Looking to add a dose of adorable to your training schedule? Running with your dog could be the answer! Check out these 8 great reasons why running with your favorite furry friend is good for them and you:

Wear them out. If your dog is a zippy ball of energy that loves to destroy items in your house, they may be in dire need of more physical activity. Dogs are animals after all and in many cases have been bred for their ability to run, hunt, herd, and fetch. A good run can effectively wear them out helping them be calmer and more relaxed at home.

Spend more time together. If you work a 9 to 5 and then run in the evenings, your precious pooch is probably missing you big time. Taking them with you on a run (in addition to their regular walks) gives you both more quality time together.

Free stress relief. While routine running naturally triggers neurochemical production that makes you feel more positive and happy (hello, endorphins!), dogs can have the same effect. In fact, studies have shown the pets can aid their owners’ feelings of anxiety, depression, and even lower high blood pressure during periods of mental stress.

Good encouragement. If you’re simply feeling unmotivated to hit the pavement for your daily run, count on your dog to convince you to stick with it. Dogs love to run and they’re smiling, slobbering, and panting faces will be a constant source of encouragement that reignites your love of running.

Helpful protection. A dog can naturally serve as a loyal and protective guard for you, especially if you are running at night or encounter another animal or would-be attacker on your run. While you never want to put your pup in harm’s way, their very presence (and bark) will go far in helping keep you safe.

Weight management. While your weight might be under control with your running routine, for many pets, obesity is an unhealthy reality. Joining you for regular runs can help your dog meet the minimum exercise goals they need to avoid becoming overweight.

A fun way to meet other people. Want to meet someone you know off the bat shares some of your interests? Walking and running with your dog is a great way to run into other dog walkers and runners and strike up a conversation.

Dogs don’t do math. If you are getting caught up in the numbers game that so often accompanies training for big races (i.e. counting carb and protein intake, tracking PR’s and mile splits, etc.), a dog could be your solution to simply letting it go for a while and rediscovering the reason you started running in the first place – it’s fun, freeing, and keeps you healthy.

Tips for Running with Your Dog

Start slow – when it comes to launching a new running habit with your dog, the American Kennel Club recommends starting slow. Just like overdoing it can land you in an ankle, back, or knee brace, so can tackling too much too soon hurt your dog. Similar to humans, dogs can sprain and tear critical ligaments that end up requiring months of treatment and rehab.

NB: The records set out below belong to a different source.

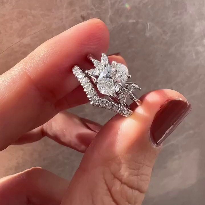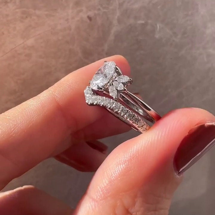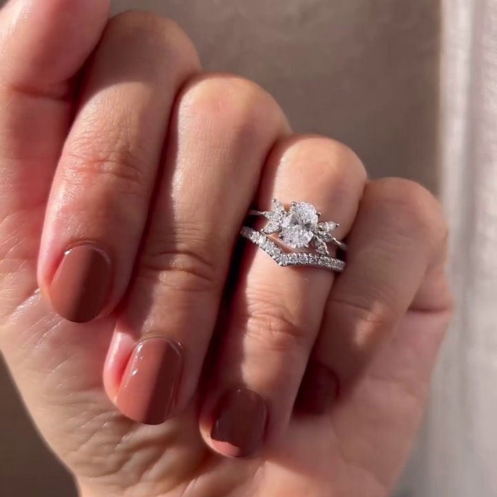 ● Unique marquise side stones add brilliance
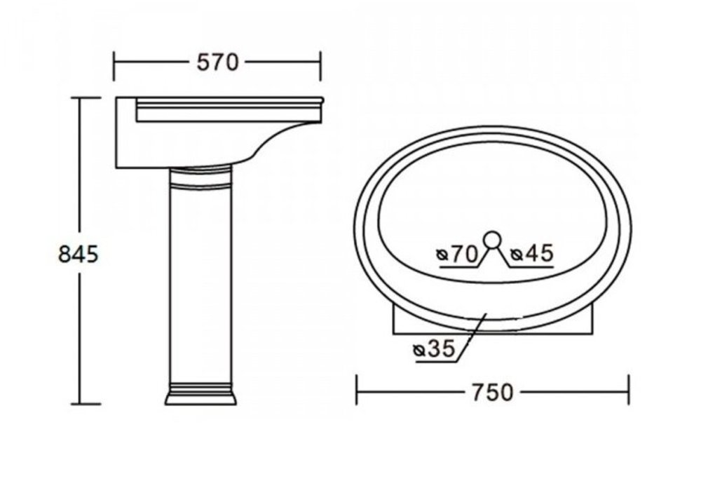 Раковина CeramaLux Lux Classic 4286 75 x 57 x 84.5 см напольная с пьедесталом, белая, золото
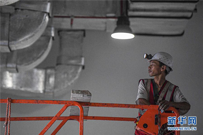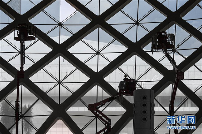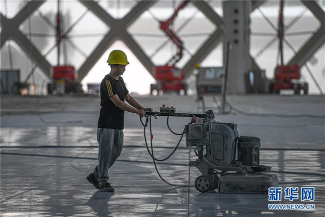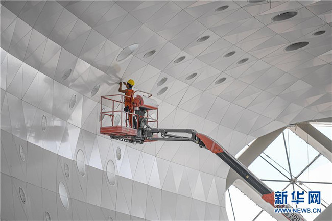 8月25日,工人在位于??诘暮D蠂H會展中心二期項(xiàng)目施工。新華社記者 蒲曉旭 攝
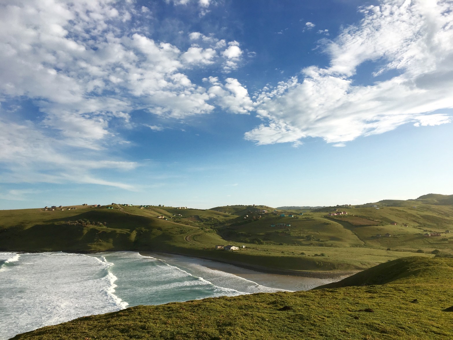 De glooiende groene heuvels krulde de oceaan in, de dolfijnen speelde met de golven, de bultruggen showde hun kunsten en de maan die knalrood uit de oceaan opkwam. De hike naar hole in the wall, de lokale bevolking die ons hielp met de weg, de kleurrijke rondavel’s en de schitterende sunrise’s op het terras voor onze tent.

Check-up – getting a formal check-off from your dog’s veterinarian before you go running together is a good idea. They can make sure that your dog’s bones and joints are all ship-shape for this type of high impact activity and let you know if there are any special concerns you should keep in mind.

Paw care – dogs need to build up calluses on their feet so gradually increase the distance they run with you over time. Avoid super hot pavement in the summer as it can scald their bare paws and instead opt for grassy or trail runs. Always inspect your dog after a run too for things like burs and glass in their paws and ticks in their fur.

Training – train your dog to run with you first by using a harness and leash. This allows you more control and prevents strangling that can happen with a tight tug of a collar. Bring treats with you to reward your dog for good behavior like observing your pace, heeling, and listening to commands. You might also want to let them do a good amount of sniffing prior to the run so they learn to sniff less and less during your run, allowing you both to maintain a steady pace.

Know your breed – knowing the breed of your dog will help you understand their natural abilities to cool their bodies down and maintain adequate breathing during high spurts of activity. The last thing you want is for running to hurt your tail-wagging sidekick. Know before you go!